= WHAT THE TASK ASKS =
Under this line is a listing; return exactly the lines starting at the one with "Для каждого вида" and running down to the one with "Nous avons collaboré", and leave out its pictures.

= RAW DATA =

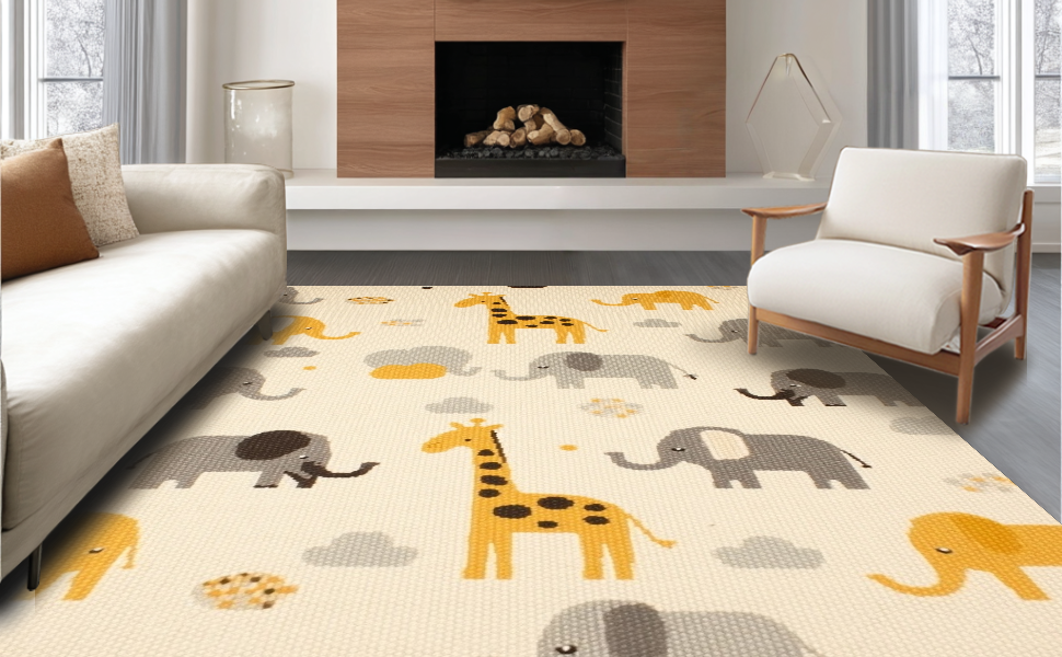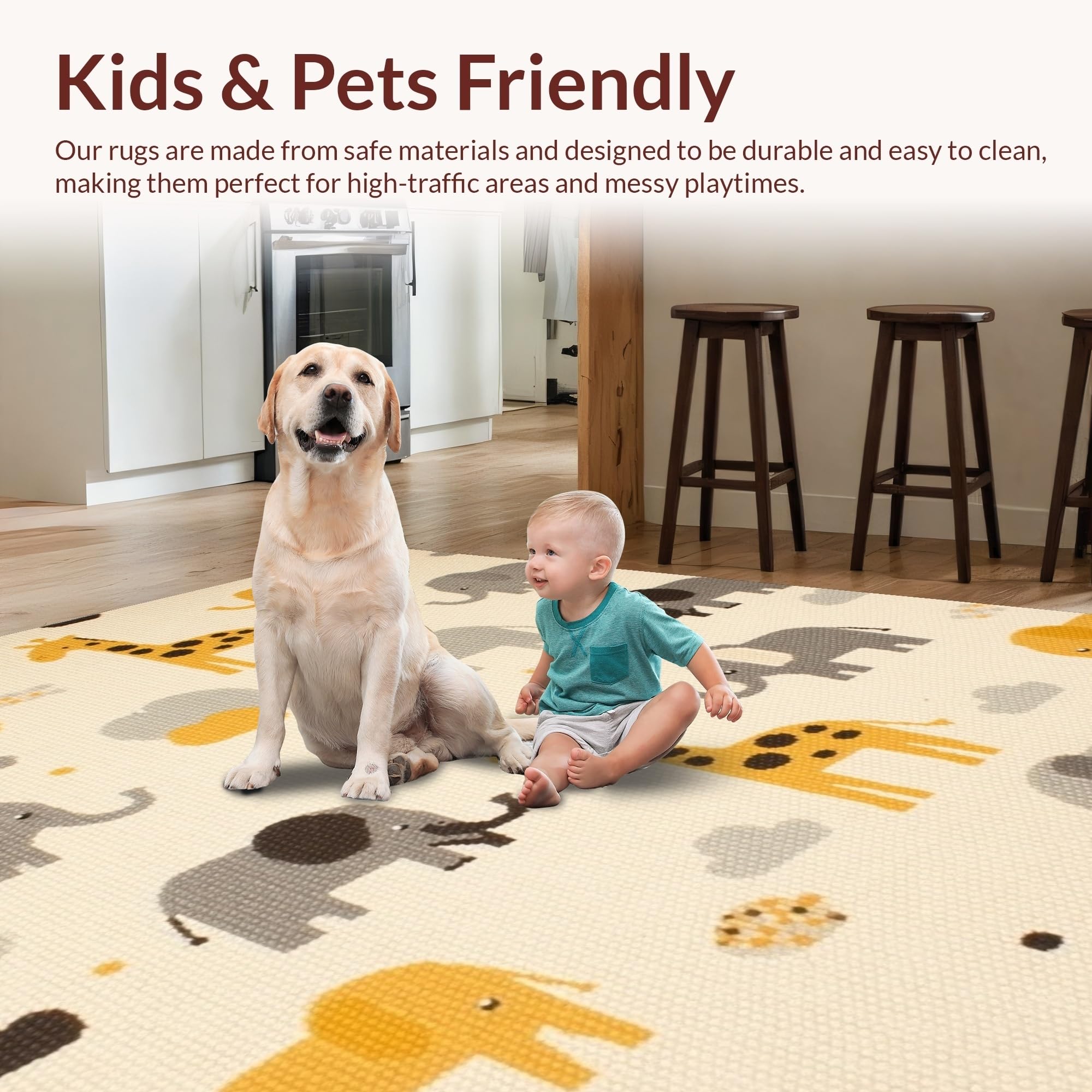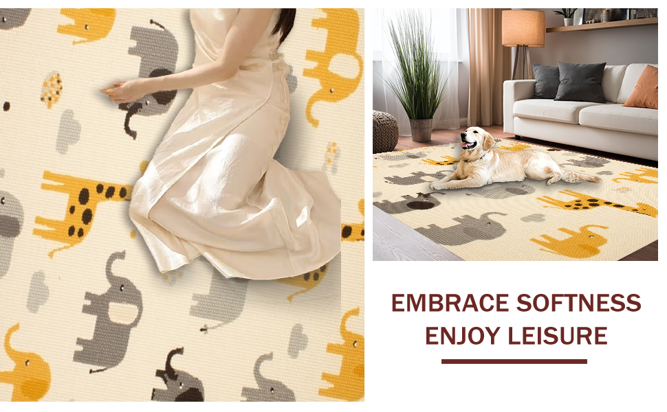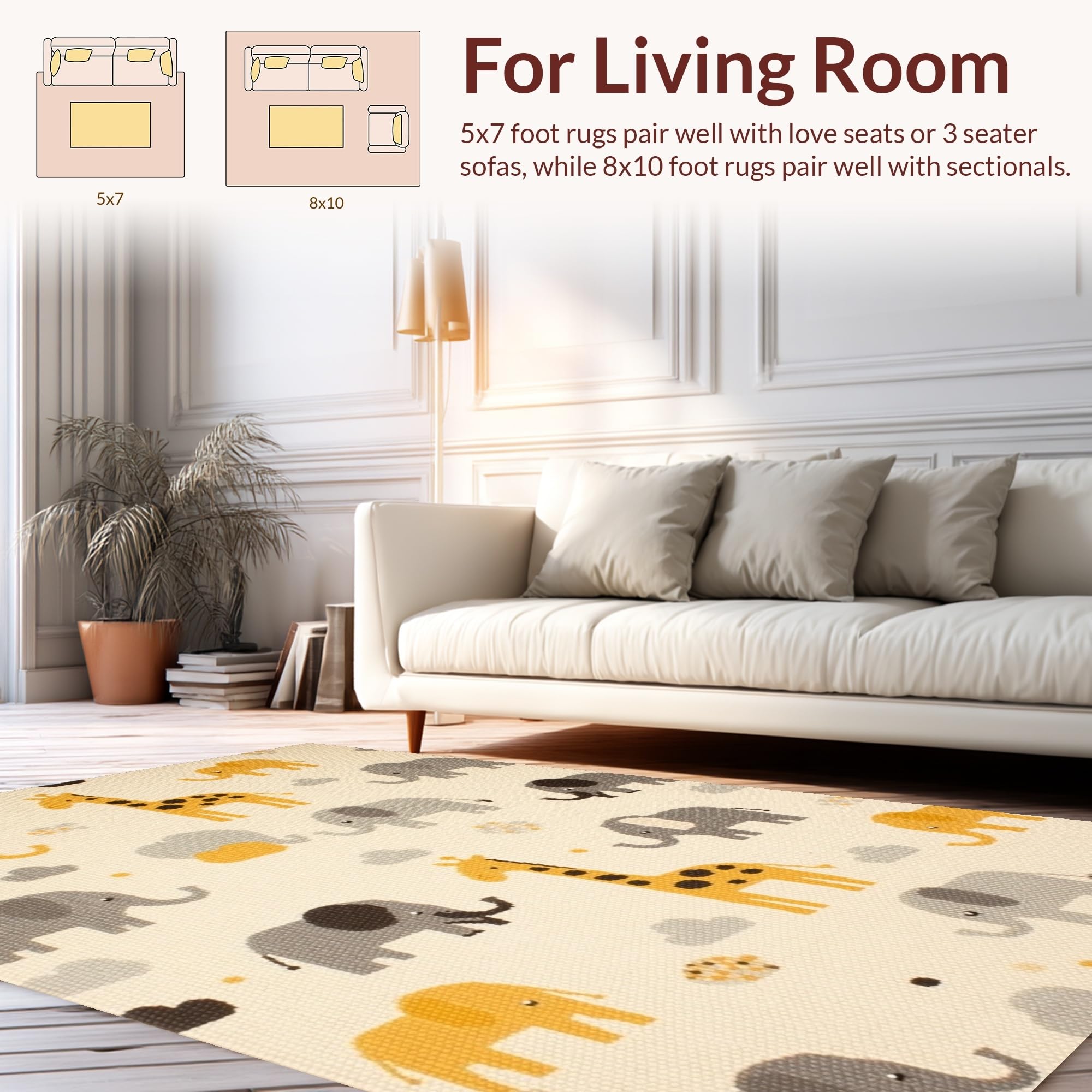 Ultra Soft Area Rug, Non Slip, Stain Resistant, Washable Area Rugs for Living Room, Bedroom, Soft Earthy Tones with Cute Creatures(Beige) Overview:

--

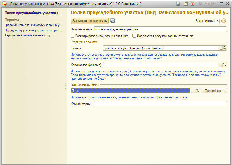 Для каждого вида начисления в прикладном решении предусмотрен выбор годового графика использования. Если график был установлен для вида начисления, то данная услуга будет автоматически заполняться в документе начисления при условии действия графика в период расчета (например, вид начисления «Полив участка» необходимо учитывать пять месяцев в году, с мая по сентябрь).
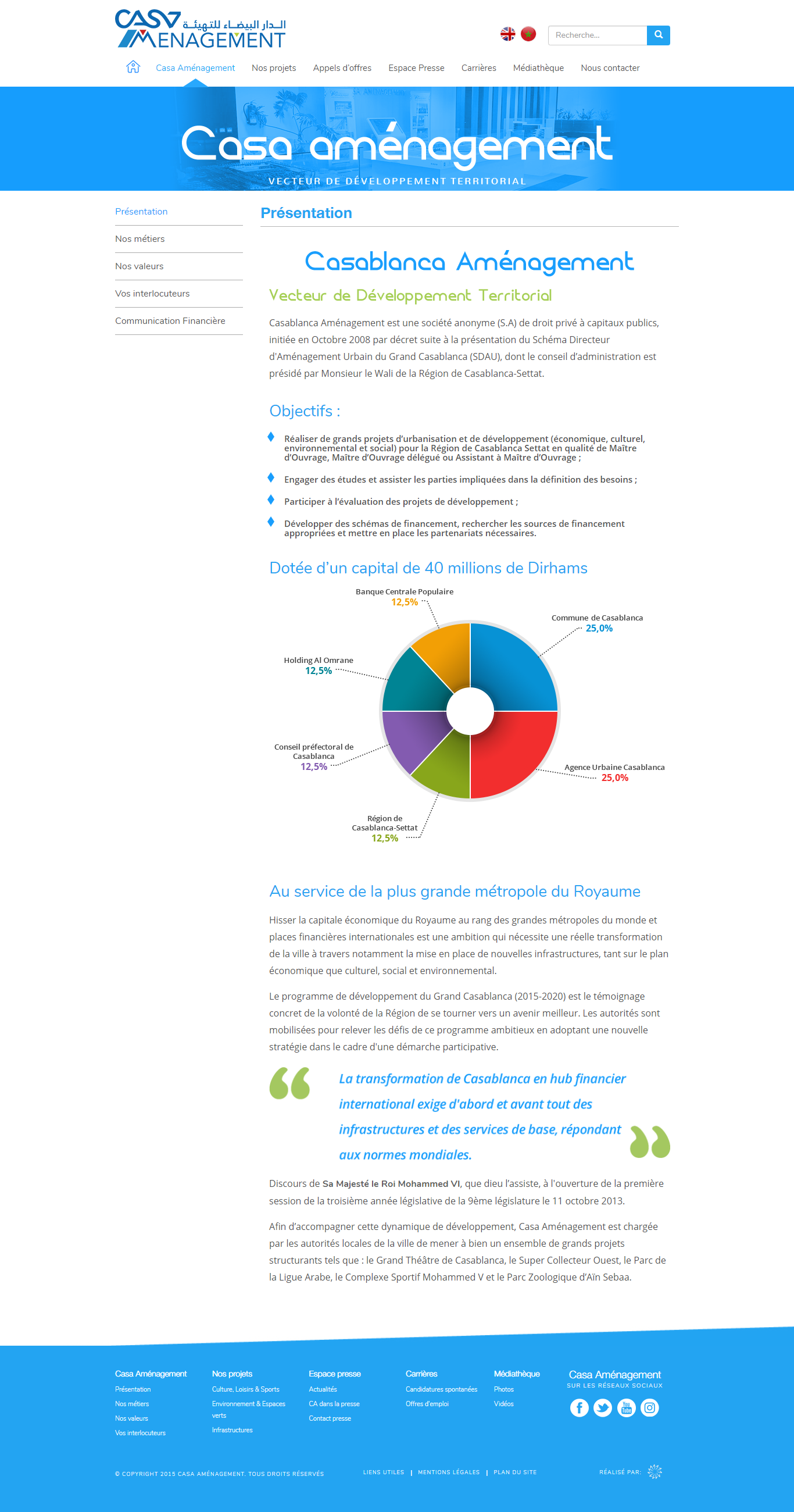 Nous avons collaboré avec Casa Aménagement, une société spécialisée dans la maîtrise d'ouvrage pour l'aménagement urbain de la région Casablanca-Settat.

= YOUR RESPONSE =
 Для каждого вида начисления в прикладном решении предусмотрен выбор годового графика использования. Если график был установлен для вида начисления, то данная услуга будет автоматически заполняться в документе начисления при условии действия графика в период расчета (например, вид начисления «Полив участка» необходимо учитывать пять месяцев в году, с мая по сентябрь).
 Nous avons collaboré avec Casa Aménagement, une société spécialisée dans la maîtrise d'ouvrage pour l'aménagement urbain de la région Casablanca-Settat.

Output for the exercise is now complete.